INFORMATION SUPPLIED Start Marker

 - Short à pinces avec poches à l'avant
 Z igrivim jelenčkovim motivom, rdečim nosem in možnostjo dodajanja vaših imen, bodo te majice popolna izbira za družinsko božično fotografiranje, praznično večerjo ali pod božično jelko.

INFORMATION SUPPLIED End Marker
INFORMATION SUPPLIED Start Marker

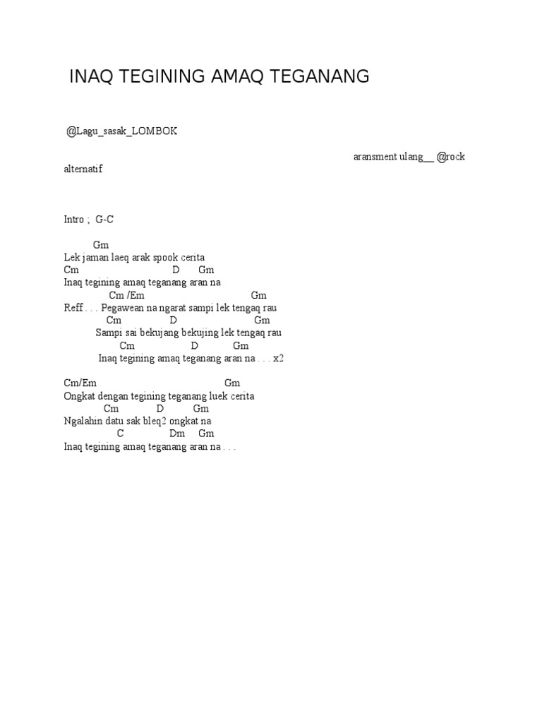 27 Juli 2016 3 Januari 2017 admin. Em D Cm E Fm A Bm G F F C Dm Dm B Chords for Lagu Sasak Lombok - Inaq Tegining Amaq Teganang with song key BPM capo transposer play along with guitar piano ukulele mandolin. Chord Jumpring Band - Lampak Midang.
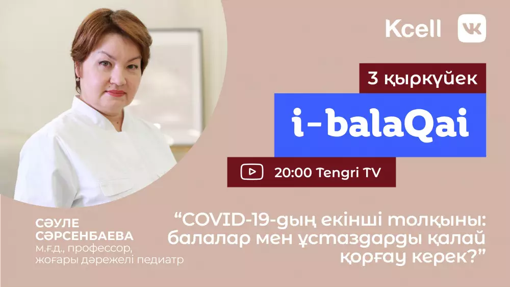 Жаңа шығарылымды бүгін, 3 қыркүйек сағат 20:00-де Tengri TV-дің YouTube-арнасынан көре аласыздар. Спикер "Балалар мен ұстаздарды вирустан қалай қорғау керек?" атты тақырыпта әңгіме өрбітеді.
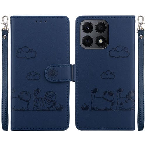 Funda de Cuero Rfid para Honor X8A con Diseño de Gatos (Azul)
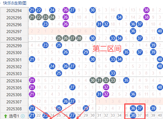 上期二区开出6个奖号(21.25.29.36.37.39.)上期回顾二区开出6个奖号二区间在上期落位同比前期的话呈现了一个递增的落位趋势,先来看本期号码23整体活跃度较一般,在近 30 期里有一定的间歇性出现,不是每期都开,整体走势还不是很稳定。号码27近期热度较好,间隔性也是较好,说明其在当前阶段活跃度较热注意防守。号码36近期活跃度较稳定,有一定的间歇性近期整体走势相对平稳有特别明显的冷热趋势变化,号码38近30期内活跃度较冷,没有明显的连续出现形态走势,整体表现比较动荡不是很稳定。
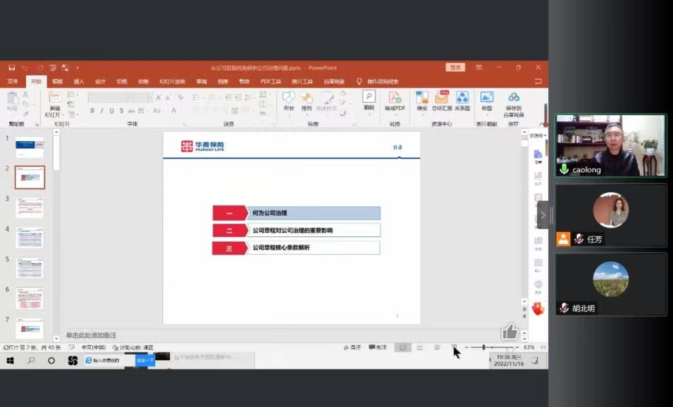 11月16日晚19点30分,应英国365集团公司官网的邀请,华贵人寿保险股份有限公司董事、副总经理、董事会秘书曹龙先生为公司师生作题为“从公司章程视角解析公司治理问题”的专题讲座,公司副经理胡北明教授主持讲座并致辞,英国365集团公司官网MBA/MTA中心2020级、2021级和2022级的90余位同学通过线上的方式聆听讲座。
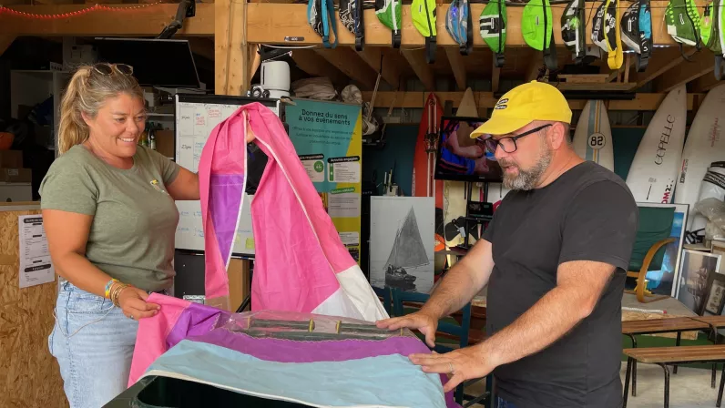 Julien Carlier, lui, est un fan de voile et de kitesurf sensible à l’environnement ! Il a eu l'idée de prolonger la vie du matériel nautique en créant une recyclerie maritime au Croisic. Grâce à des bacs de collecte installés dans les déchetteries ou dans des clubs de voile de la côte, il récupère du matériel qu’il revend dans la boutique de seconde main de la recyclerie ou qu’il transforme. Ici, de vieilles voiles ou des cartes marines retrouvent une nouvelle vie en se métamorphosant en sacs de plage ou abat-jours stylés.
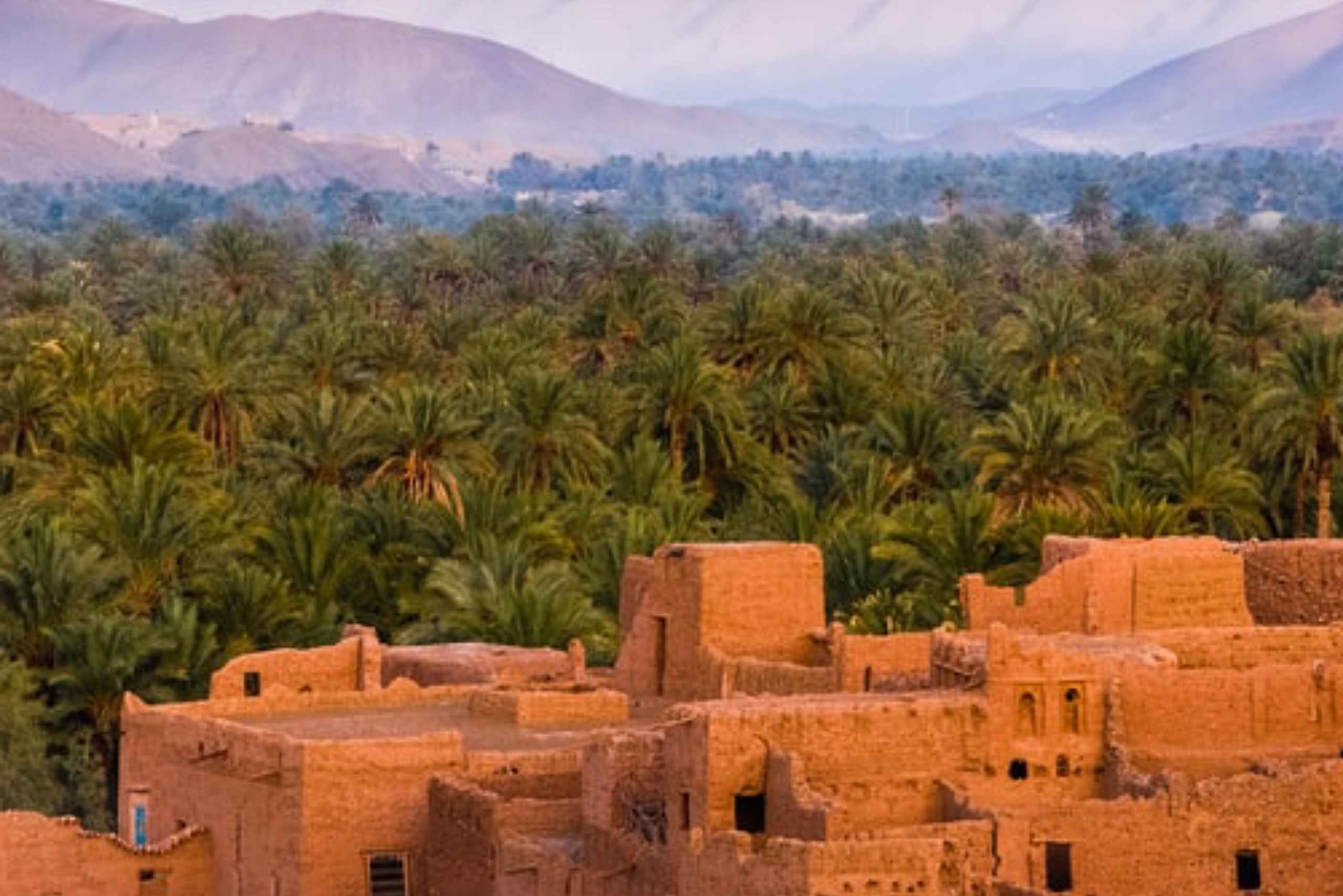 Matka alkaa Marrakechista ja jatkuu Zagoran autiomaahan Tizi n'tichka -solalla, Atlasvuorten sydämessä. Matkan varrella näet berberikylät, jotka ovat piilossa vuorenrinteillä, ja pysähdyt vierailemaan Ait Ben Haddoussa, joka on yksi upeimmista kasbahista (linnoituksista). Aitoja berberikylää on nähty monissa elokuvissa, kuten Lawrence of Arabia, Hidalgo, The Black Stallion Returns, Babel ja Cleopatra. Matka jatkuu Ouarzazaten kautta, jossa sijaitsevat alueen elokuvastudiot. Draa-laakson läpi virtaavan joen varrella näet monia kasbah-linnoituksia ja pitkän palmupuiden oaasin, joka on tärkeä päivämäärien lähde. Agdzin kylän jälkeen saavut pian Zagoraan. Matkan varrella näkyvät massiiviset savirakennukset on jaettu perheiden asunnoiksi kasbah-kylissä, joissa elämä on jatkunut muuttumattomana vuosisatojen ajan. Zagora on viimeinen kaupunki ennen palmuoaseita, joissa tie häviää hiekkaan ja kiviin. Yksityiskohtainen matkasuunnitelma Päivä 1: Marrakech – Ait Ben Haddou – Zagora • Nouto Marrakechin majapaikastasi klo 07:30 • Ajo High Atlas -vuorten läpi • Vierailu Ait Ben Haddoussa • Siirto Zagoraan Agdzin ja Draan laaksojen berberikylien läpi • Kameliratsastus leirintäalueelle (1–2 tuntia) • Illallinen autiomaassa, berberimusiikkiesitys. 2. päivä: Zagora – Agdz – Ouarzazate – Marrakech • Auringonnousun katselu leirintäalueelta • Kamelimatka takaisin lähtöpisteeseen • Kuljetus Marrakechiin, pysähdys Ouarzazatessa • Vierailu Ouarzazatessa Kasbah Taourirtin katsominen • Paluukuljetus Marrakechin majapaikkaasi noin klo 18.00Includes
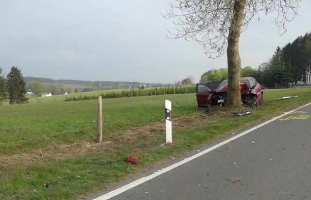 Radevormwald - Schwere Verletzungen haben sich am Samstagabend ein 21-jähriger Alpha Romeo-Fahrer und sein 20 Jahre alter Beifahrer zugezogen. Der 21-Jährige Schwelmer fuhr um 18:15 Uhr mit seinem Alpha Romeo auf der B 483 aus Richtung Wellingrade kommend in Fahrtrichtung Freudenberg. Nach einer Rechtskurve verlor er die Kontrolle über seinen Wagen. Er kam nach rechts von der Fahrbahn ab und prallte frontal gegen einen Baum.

INFORMATION SUPPLIED End Marker
INFORMATION SUPPLIED Start Marker

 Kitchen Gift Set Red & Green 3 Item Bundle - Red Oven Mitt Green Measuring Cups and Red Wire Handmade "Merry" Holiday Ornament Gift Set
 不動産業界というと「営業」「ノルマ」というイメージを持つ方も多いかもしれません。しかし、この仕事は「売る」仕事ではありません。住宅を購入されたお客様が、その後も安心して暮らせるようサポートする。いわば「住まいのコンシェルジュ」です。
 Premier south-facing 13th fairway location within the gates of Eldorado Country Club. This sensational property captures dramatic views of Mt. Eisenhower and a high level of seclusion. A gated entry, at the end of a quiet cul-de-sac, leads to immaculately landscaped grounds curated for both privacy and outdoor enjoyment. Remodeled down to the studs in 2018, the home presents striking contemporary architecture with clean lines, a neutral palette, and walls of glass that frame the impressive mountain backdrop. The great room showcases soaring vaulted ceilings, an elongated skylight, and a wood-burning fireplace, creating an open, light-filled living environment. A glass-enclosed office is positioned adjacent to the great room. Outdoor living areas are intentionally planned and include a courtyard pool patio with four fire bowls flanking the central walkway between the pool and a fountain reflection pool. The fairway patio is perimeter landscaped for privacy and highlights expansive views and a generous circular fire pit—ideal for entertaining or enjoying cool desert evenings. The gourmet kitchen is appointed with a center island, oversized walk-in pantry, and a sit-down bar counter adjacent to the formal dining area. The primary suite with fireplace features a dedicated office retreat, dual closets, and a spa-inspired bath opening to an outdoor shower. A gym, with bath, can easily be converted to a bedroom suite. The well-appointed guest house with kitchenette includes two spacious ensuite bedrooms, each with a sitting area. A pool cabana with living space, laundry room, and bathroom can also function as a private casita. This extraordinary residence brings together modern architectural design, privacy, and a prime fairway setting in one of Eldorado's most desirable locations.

INFORMATION SUPPLIED End Marker

→ PROBLEM:
What you give back must be the stretch above, starting at the line with "Kitchen Gift Set" and ending at the line with "不動産業界というと「営業」「", copied exactly.

→ WORKED SOLUTION:
 Kitchen Gift Set Red & Green 3 Item Bundle - Red Oven Mitt Green Measuring Cups and Red Wire Handmade "Merry" Holiday Ornament Gift Set
 不動産業界というと「営業」「ノルマ」というイメージを持つ方も多いかもしれません。しかし、この仕事は「売る」仕事ではありません。住宅を購入されたお客様が、その後も安心して暮らせるようサポートする。いわば「住まいのコンシェルジュ」です。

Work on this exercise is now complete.